Former kingdom in West Africa

Waalo (Waalo) was a kingdom on the lower Senegal River in West Africa, in what is now Senegal and Mauritania. It included parts of the valley proper and areas north and south, extending to the Atlantic Ocean. To the north were Moorish emirates; to the south was the kingdom of Cayor; to the east was Jolof.

==History==
===Origins===
Oral histories claim that, before becoming a kingdom, the area of Waalo was ruled by a patchwork of Lamanes, a Serer title meaning the original owner of the land. Etymological evidence suggests that the area was ruled by the Jaa'ogo dynasty of Takrur. This aligns with early Arabic written sources which describe an island town known as Awlil (Waalo) near the mouth of the Senegal river, in a region called Senghana.

===Founding===
The exact founding date of Waalo is debated by historians, but is associated with the rule of the first king, the semi-legendary Ndiadiane Ndiaye, in 1287. Ndiaye, originally a Fula from Takrur, united the Lamanes and ruled Waalo for 16 years as an arbiter or judge rather than king before, according to some oral accounts, being driven out by his half brother Barka Bo, or Barka Mbodj. After this, Ndiaye took control of Jolof and founded the Jolof Empire. Barka Mbodj was the first ruler to use the royal title 'Brak'. Ndiaye eventually made Waalo a vassal.

Europeans first appeared off the coast of Waalo in the 15th century, and soon began trading. This caused a significant shift in economic power away from the Jolof heartland towards coastal vassals such as Waalo and Cayor. Buumi Jelen, a member of the royal family, may have established his own control over Waalo during this period, and is credited with creating a system of alkaldes who served as customs collectors for the Buurba Jolof. He later attempted to ally with the Portuguese to take power, but was killed by his erstwhile allies in a dispute.

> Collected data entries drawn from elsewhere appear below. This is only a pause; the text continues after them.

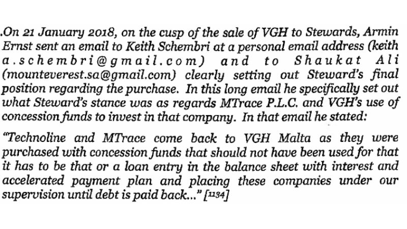 Disgraced former prime minister Joseph Muscat’s chief of staff, Keith Schembri, was kept informed of the progress through Armin Ernst, the CEO of VGH and then Steward Healthcare.
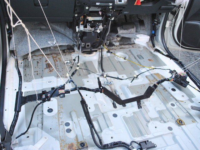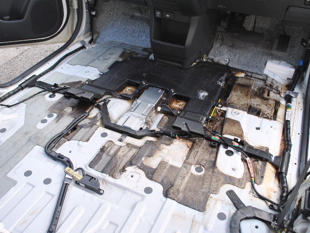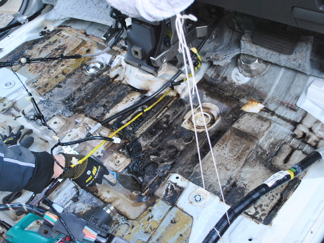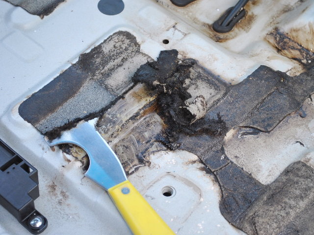 ばらしてみると、スライドドアのステップや前席部分へ流れ込んでおりました。強烈なニオイがします。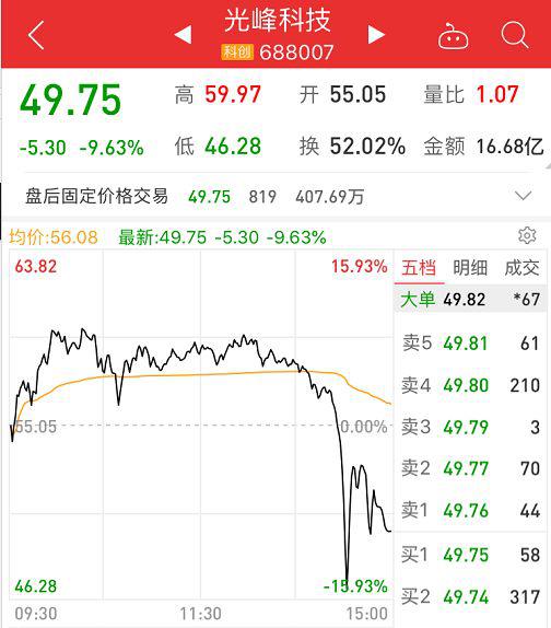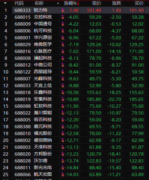 今日收盘,25只科创板股票仅有1只铂力特上涨1.4%,13只跌幅超10%,航天宏图、新光光电跌近15%。这些股票基本都是尾盘大跳水。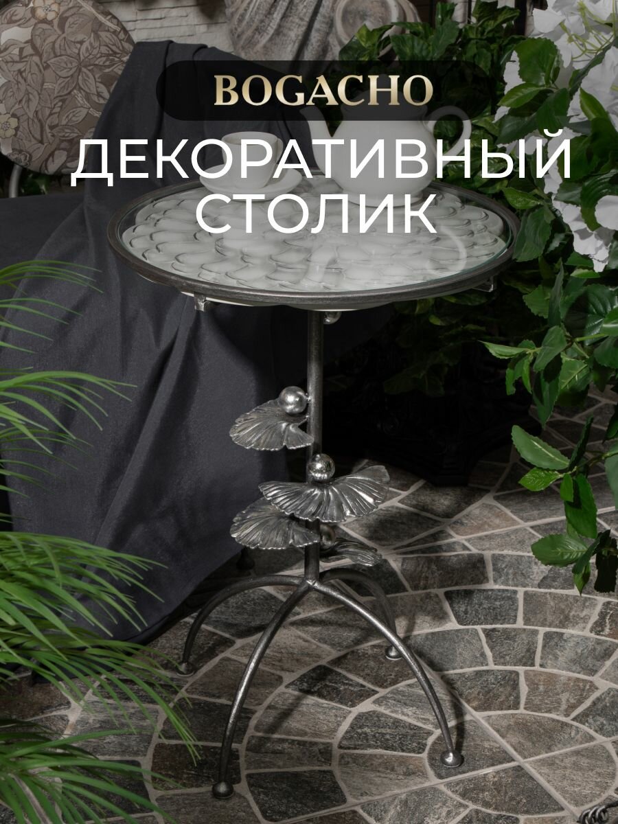 Кофейный круглый столик Bogacho Терра Роуз серебристый со стеклянной столешницей и кованой ножкой с лепестками: сравнение цен, характеристики, фото, актуальное наличие и цены.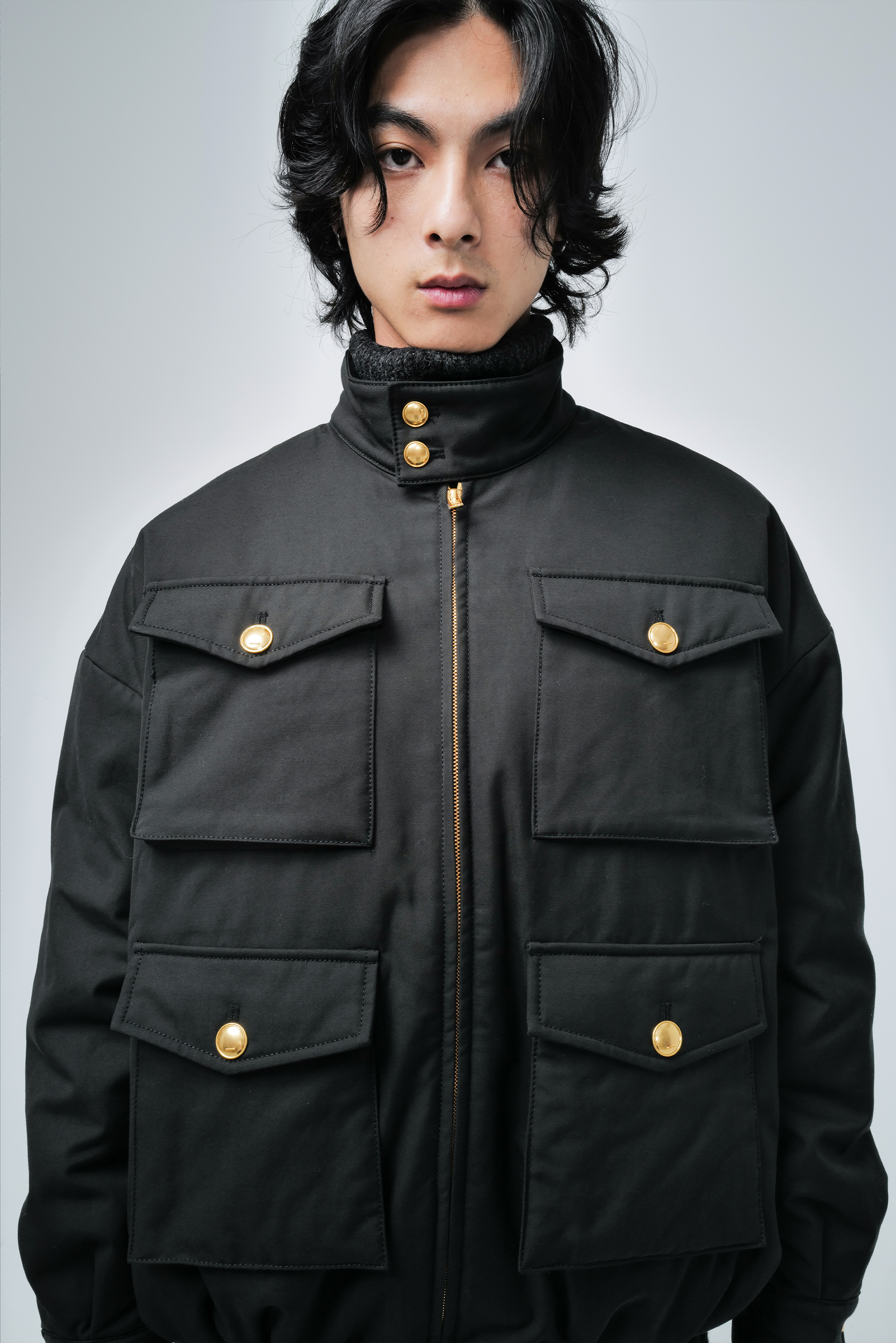 - Buttoned stand collar

The Jolof empire broke up in the aftermath of the battle of Danki in 1549, though the Brak continued to pay symbolic tribute to the Bourba Jolof until 1715.

===The French and the Desert===
In 1638, the French established the first permanent European trading settlement at the mouth of the Senegal River, moving to the site of Saint-Louis in 1659 while facing consistent military and political pressure from the Brak. The French presence would have a decisive effect on the rest of the history of Waalo.

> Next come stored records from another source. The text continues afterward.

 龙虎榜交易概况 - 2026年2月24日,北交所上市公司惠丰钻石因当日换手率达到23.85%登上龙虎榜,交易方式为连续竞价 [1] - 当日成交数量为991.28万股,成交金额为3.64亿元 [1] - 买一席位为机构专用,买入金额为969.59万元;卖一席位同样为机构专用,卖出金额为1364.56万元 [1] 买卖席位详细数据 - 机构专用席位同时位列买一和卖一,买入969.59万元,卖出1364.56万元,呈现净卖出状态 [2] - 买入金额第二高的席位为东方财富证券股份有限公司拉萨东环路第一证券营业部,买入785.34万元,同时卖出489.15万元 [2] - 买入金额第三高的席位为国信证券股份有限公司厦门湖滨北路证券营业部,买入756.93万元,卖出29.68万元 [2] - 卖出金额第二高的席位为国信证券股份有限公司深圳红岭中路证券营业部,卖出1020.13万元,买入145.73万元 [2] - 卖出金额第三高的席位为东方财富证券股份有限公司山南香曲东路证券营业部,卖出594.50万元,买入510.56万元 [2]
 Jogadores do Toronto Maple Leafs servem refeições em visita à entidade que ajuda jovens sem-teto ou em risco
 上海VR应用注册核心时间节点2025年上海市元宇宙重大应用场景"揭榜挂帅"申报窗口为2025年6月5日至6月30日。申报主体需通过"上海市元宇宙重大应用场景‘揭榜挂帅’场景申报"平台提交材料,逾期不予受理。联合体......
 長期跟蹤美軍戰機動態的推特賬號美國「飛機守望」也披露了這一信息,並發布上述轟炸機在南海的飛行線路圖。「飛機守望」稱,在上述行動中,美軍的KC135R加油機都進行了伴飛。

Partly in response to the shift in trade away from Berber tribes to the French, Nasr ad-Din, a Berber Marabout, launched the Char Bouba War or the Marabout War, overthrowing the ruling aristocracy of Waalo (among other Senegal river kingdoms) in an attempt to establish an Islamic theocracy. Upon his death in 1674, however, his movement collapsed and the old hierarchies, aligned with Arab Hassan tribes north of the river and vigorously supported by the French, re-asserted themselves.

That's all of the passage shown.